Core provisions of the post-9/11 Patriot Act expire on June 1, including the legal authority needed to carry out mass surveillance of domestic metadata.

There’s another national security clock ticking in Congress.

Lawmakers have less than 100 days left to decide whether they want to reform the National Security Agency’s controversial bulk collection of U.S. call data—or risk losing the program entirely. Core provisions of the post-9/11 Patriot Act are due to sunset on June 1, including Section 215, which grants intelligence agencies the legal authority they need to carry out mass surveillance of domestic metadata—the numbers and timestamps of phone calls but not their actual content.

Government officials have said they have no backup plan for replacing the intelligence void if Congress fails to reauthorize the law in some fashion. And earlier this week, Director of National Intelligence James Clapper suggested lawmakers should bear the brunt of blame if the program lapses and the homeland is struck by terrorism.

Yet despite the agitation of the administration, which endorsed reform legislation that narrowly died in the Senate last year, lawmakers have publicly done nothing to move forward on limiting the NSA’s domestic phone dragnet, which was first exposed by Edward Snowden nearly two years ago.
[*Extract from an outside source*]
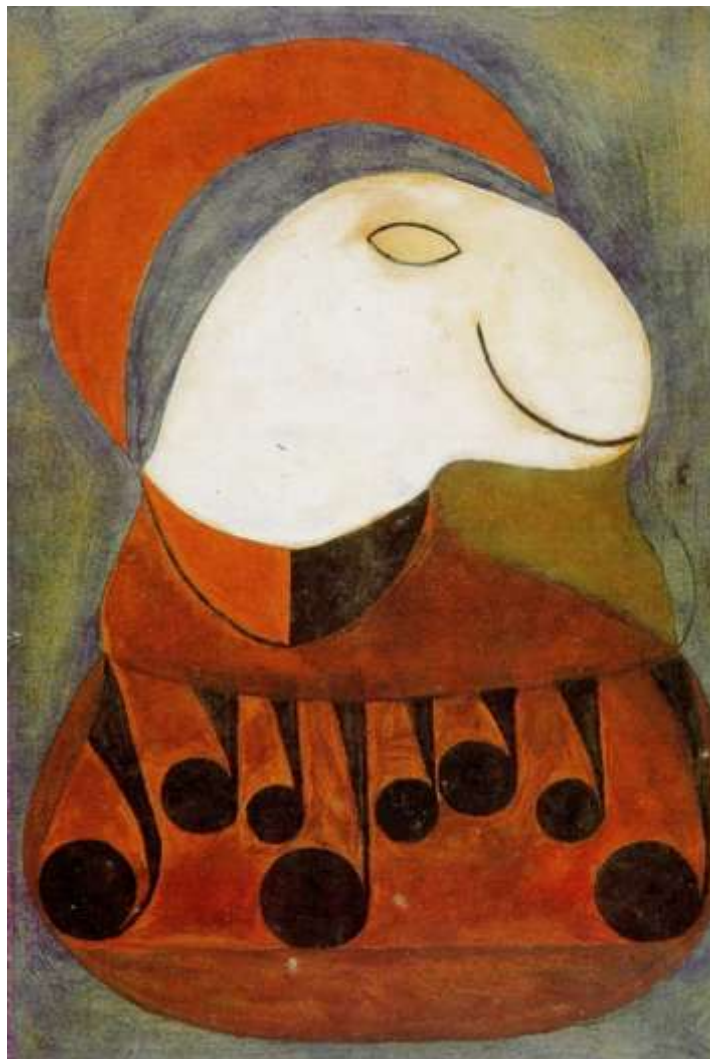
Fig. 18 Carlos Pertuis Óleo sobre papel Acervo do MII

Closed-door negotiations are ongoing, but so far supporters of the USA Freedom Act have not found the Goldilocks language needed to appease both the privacy crowd and the security hawks.

And in the wake of the Charlie Hebdo attacks, more brutality by the Islamic State, and fears of a nuclear Iran, it remains unclear whether there is enough appetite among congressional leadership to move forward on anything that could be perceived as undermining national security.

Reflecting the hawkish climate, several Republicans vying for the White House are staking out even more bullish stances supportive of the NSA’s surveillance apparatus. In January, Sen. Marco Rubio said the programs were so vital to national security that he called for a permanent extension of their authorities. And in February, Jeb Bush defended mass surveillance as “hugely important.”

(RelatedThe US Intelligence Community Is Bigger Than Ever, But Is It Worth the Cost?)

Reformers in Congress insist they can still get a deal done, and that for the first time the wind is at their backs from the still-ongoing deluge of Snowden disclosures.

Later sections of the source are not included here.